Per farla breve, era lì in Campeggio che dovevi esserci.
E io ho avuto l’enorme fortuna di esserci stato, per ben undici estati di fila. Di ricordi ne ho a bizzeffe e ancora oggi capita spesso di riderci sopra con gli amici, nonostante siano passati decenni.

Uno di questi è il ricconto che voglio rivivere oggi: Caccia alla Volpe.
Naturalmente non si trattava di una battuta di caccia. Si trattava di un gioco di gruppo che durava tutto il pomeriggio quando il tempo lo permetteva. Il gioco era piuttosto semplice e si svolgeva nel bosco che si trovava intorno al Campeggio: un gruppo di educatori si travestiva da Volpe usando abiti sgargianti, cappelli e improbabili code di stoffa. Con circa mezz’ora di anticipo si incamminavano per andare a nascondersi nel bosco circostante al campo, mentre noi ragazzi venivamo rinchiusi nel grande tendone centrale in modo da non vedere le direzioni prese dalle Volpi. Dopodiché… veniva aperta la caccia!

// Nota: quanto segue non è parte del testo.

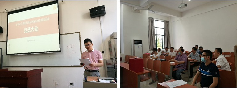 2020年6月17日,无机化学系党支部在新校区化学楼123教室召开换届选举大会,支部全体党员参会。会议由上一届党支部书记张寿春主持。公司党委书记罗永忠同志,公司党委委员、专职组织员李璞同志列席会议。

A squadre entravamo nel bosco alla ricerca delle nostre Volpi. Che ovviamente non erano tutte uguali e, soprattutto, non bastava avvistarle. Le Volpi, cioè i nostri educatori nascosti, una volta scovate potevano correre su e giù per il bosco finché qualcuno di noi non riusciva a toccarla in corsa: solo allora la Volpe era presa e solo allora si scopriva quanti punti valeva. Eh, sì, perché le Volpi non erano tutte uguali: c’erano le Volpi da cento punti, quelle da cinquanta… ma anche quelle con punteggio negativo. Alla fine vinceva la squadra che faceva più punti, il che non significava automaticamente catturare più Volpi.

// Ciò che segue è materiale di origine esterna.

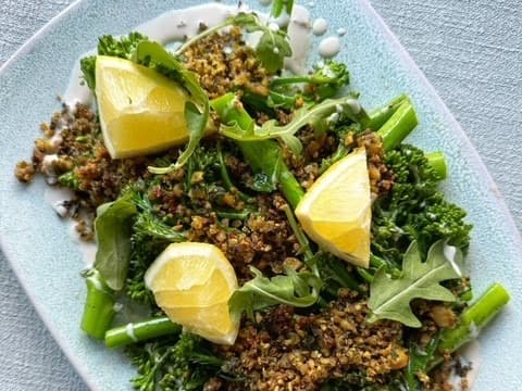 Bright green broccolini drizzled with lemon tahini topped with crunchy falafel crumbs this plate of greens is sure to be enjoys by all

Ecco: questo era uno dei giochi più belli. Ricordo ancora oggi tutto il fascino del bosco, le luci, le ombre, i profumi intensi di muschio e resina. Gli alberi alti che allora mi apparivano immensi. Le nostre battute di caccia non erano solo un gioco a chi correva più veloce. Erano fatte anche di appostamenti, di attese, di silenzi, di tattiche improvvisate. Per quanto agli occhi di un adolescente possa sembrare entusiasmante un intero pomeriggio passato così, il mio ricordo più bello, che poi è quello che dà il titolo a questo ricconto, è legato a un anno in particolare quando la consueta Caccia alla Volpe, grazie alla brillante idea di non so chi, venne fatta… di notte.

Ancora oggi, a distanza di trent’anni, molti di noi ricordano quella che è passata alla storia – alla nostra piccola storia da ragazzini, naturalmente – come la “Caccia alla Volpe di notte nel bosco”.

Tutto sommato, non era molto diversa dalla Caccia alla Volpe classica. Era “solo” in versione by night.
Ma la notte, si sa, ha sempre il suo fascino. E noi ragazzi, sempre a squadre, ci muovevamo su e  giù per il bosco con la torcia, sempre alla caccia delle nostre Volpi, cercando però di stare più attenti ai rumori che alle ombre. E, soprattutto, attenti a capire se i rumori che sentivamo erano rumori delle nostre Volpi, che non mancavano di fare versi improbabili o… rumori di qualche altra presenza che la nostra fantasia s’inventava o ingigantiva. Questa cosa, raccontata così, oggi può solo far sorridere. Ma negli occhi dell’adolescente medio che veniva in Campeggio, lo stesso che già si divertiva un mondo con una normale Caccia alla Volpe, l’idea di muoversi nel bosco di notte scatenava l’adrenalina pura, trasmetteva un che di iniziatico, una di quelle cose che richiede un certo coraggio.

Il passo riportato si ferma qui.